Who would’ve known? :roflmao:
[quote=“Belgian Pie”]Who would’ve known? :roflmao:
You mean Taiwanese customs officials actually accept bribes? Shocking!
Okay, irony off. Taoyuan is a colander. I know people who repeatedly have accessed the country with more alcohol than it’s allowed (they should have paid taxes on that, plus leave some at customs), and also other food products. Heck, most taiwanese going abroad carry back half a supermarket worth of food in their luggage. And I don’t know anyone who has been stopped, not even once, at customs (vacuum packing the food before coming might have to do with it).
But in case they’re stopped, it’s no wonder they can bribe the officers. From what I’ve heard, it’s a common practice here to bribe the lowest officials.

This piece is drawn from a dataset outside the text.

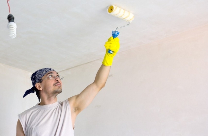Для лучшего сцепления плитки с поверхностью, потолок следует предварительно прогрунтовать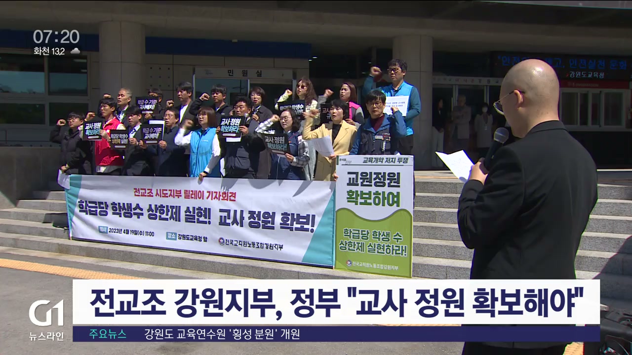 정부가 학령 인구 감소에 따른 교사 정원 축소를 검토하고 있는 것과 관련해, 전교조 강원지부가 도 교육청 앞에서 기자회견을 열고 우려를 나타냈습니다.

In other countries, high officials are fast to accept bribes, but the lower ones will go down on you like divine retribution if you even give them a hint that you’d be willing to pay them.
They don’t take petty bribes directly in Taiwan, at least I’ve never heard of it, its mid level officials who are usually ‘on the take’ with businesses. Although even school teachers and bankers pay bribes to their higher ups to get hired or get promoted. They have to pass the exams but to be selected for the position a big red envelope is also thrown in…not necessarily directly but might be a gift at a wedding, they have lots of ways to do it. These cultured people are not so cultured as to refuse wads of cash.
Another place that bribes are paid is around vehicle testing centers in Taichung, you just go into the neighboring mechanic and they magically get your vehicle to pass for a fee. Chinese culture, 5000 years of getting around the system!